Hunter Drew (born October 21, 1998) is a Canadian professional ice hockey player currently playing for the Rockford IceHogs in the American Hockey League (AHL) as a prospect to the Chicago Blackhawks of the National Hockey League (NHL). He was selected by the Anaheim Ducks, 178th overall, by the in the 2018 NHL Entry Draft.

Playing career 
Drew played major junior hockey with the Charlottetown Islanders in the Quebec Major Junior Hockey League (QMJHL) from 2016–2019 and was selected by the Anaheim Ducks in the sixth-round, 178th overall, in the 2018 NHL Entry Draft. 

As a defenceman, Drew posted 50 points through 61 regular season games during his final season with the Islanders in 2018–19, earning a one-year contract with the Ducks AHL affiliate, the San Diego Gulls on August 14, 2019.

In his first professional season in 2019–20, Drew split the season between the Gulls and secondary affiliate, the Tulsa Oilers of the ECHL. He posted 2 goals and 7 points in 29 regular season games with the Gulls before the season was halted due to the COVID-19 pandemic. He was signed to a three-year, entry-level contract with the Anaheim Ducks on March 31, 2020. 

With the ongoing pandemic delaying the commencement of the 2020–21 season, Drew opted to continue his development in Europe by signing on loan with Slovakian club, HC '05 Banská Bystrica, on September 14, 2020. He collected 9 goals and 16 points through 20 games before returning to North America for the Ducks training camp and re-assignment to the San Diego Gulls. With the introduction of a taxi squad stretching the Gulls roster, Drew split the shortened season on the blueline and spot filling as a forward.
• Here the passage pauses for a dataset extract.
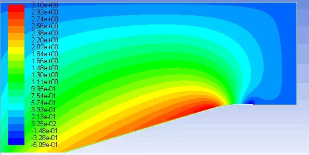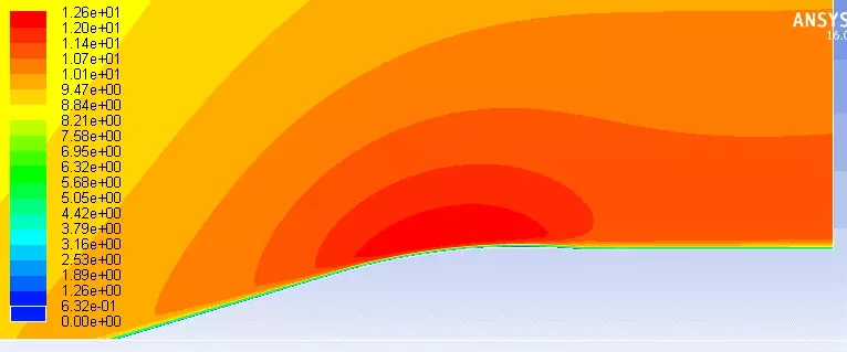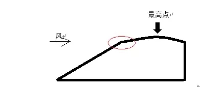 通過CFD對(duì)該地形進(jìn)行模擬(下圖左方為上風(fēng)向),發(fā)現(xiàn)風(fēng)速最大的地方位于山坡與山頂拐角處。該位置壓力分布也是最大區(qū)域。風(fēng)吹向山坡時(shí),近地層空氣被壓縮,風(fēng)速增大,當(dāng)?shù)竭_(dá)山頂時(shí),地形突變,空氣不再被壓縮,風(fēng)速不再增加,甚至在后方形成渦流,降低風(fēng)速。

In showing potential as a forward, Drew switched full-time to the Wing entering his third professional season in . The positional switch came with instant success, as he responded in showing an offensive touch with the Gulls in finishing second amongst team forwards in scoring with 17 goals and 38 points in 64 regular season games. He was rewarded with his first recall to the Anaheim Ducks at the tail end of the season and made his NHL debut against the San Jose Sharks, and recorded his first NHL fight against Jonah Gadjovich in a 5-2 victory on April 26, 2022. Drew went scoreless with the Ducks over their final two regular season games. 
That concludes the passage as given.